* Action item
In the listing below, find the line holding "The seller states" and the line holding "夏 秋 S/M/L/XL/2XL/3XL". Write out those two lines and all lines between, exactly, and nothing more.

* Source data
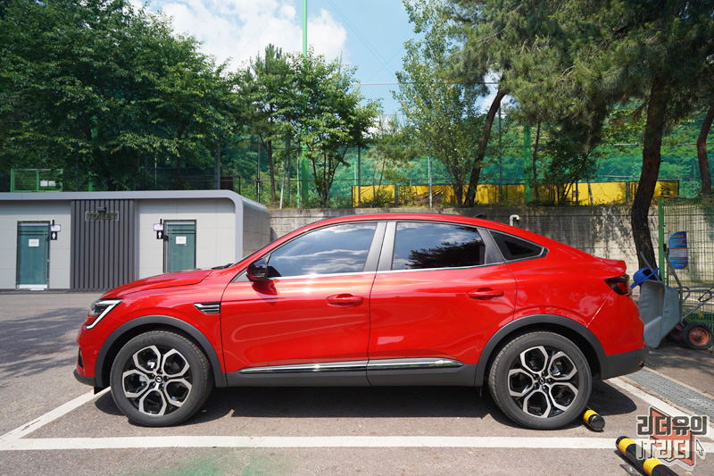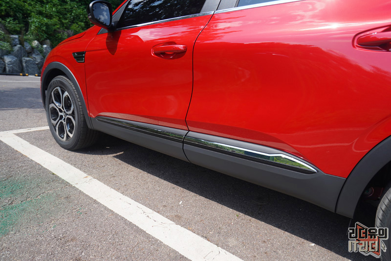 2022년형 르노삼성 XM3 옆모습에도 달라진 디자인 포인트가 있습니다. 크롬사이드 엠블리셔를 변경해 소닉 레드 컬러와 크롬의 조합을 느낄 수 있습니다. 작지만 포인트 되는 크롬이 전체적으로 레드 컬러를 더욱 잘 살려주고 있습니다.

--

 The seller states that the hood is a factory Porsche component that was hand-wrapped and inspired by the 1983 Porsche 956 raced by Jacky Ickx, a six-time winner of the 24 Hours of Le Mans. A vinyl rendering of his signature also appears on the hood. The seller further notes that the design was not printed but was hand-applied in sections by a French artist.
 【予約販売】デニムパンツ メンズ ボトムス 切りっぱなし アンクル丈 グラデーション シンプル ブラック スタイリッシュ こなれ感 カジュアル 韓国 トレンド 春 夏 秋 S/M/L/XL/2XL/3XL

---

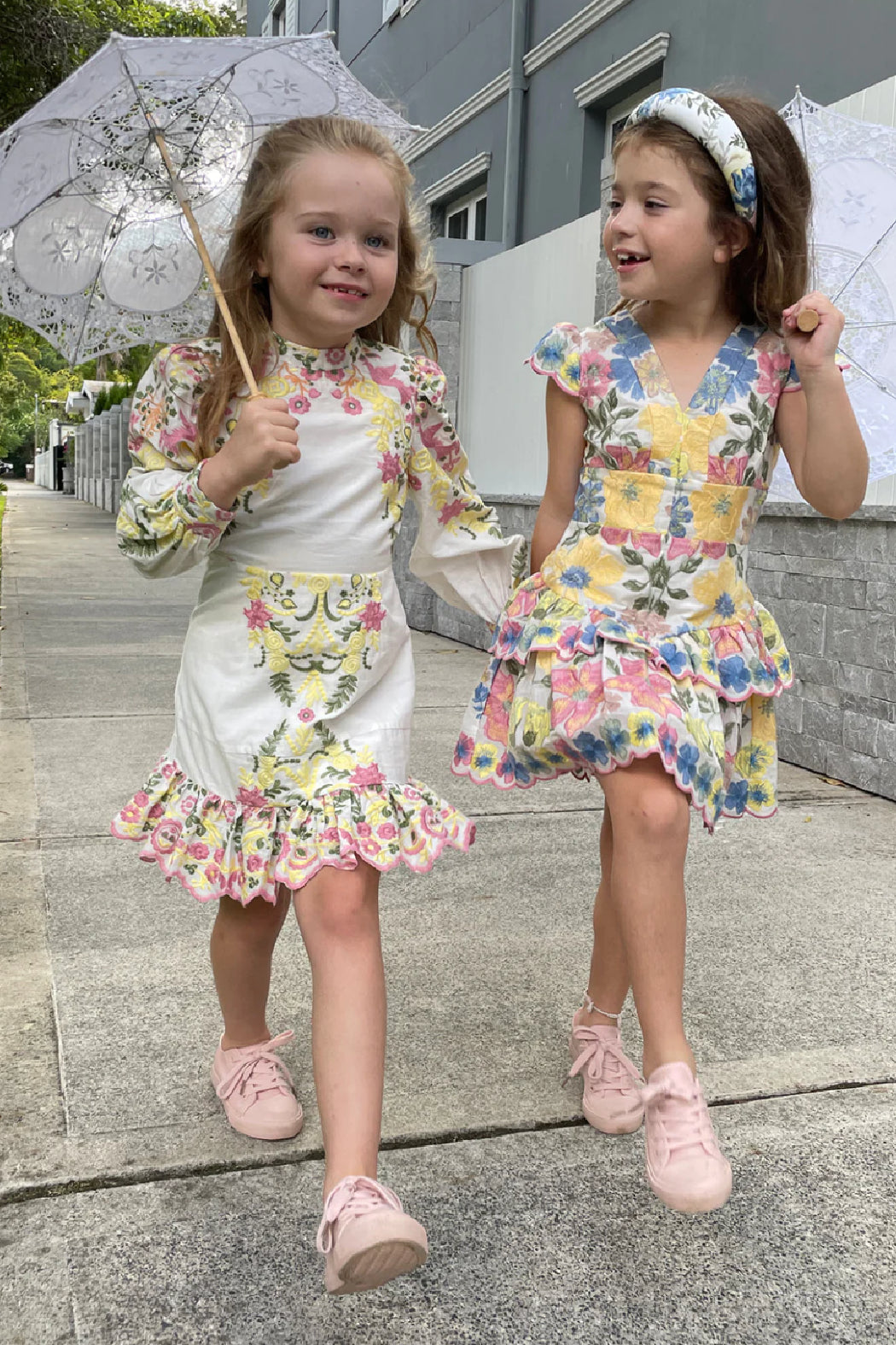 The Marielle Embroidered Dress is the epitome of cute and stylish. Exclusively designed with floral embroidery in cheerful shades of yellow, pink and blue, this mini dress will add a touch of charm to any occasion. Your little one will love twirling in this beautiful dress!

* Response to this task
 The seller states that the hood is a factory Porsche component that was hand-wrapped and inspired by the 1983 Porsche 956 raced by Jacky Ickx, a six-time winner of the 24 Hours of Le Mans. A vinyl rendering of his signature also appears on the hood. The seller further notes that the design was not printed but was hand-applied in sections by a French artist.
 【予約販売】デニムパンツ メンズ ボトムス 切りっぱなし アンクル丈 グラデーション シンプル ブラック スタイリッシュ こなれ感 カジュアル 韓国 トレンド 春 夏 秋 S/M/L/XL/2XL/3XL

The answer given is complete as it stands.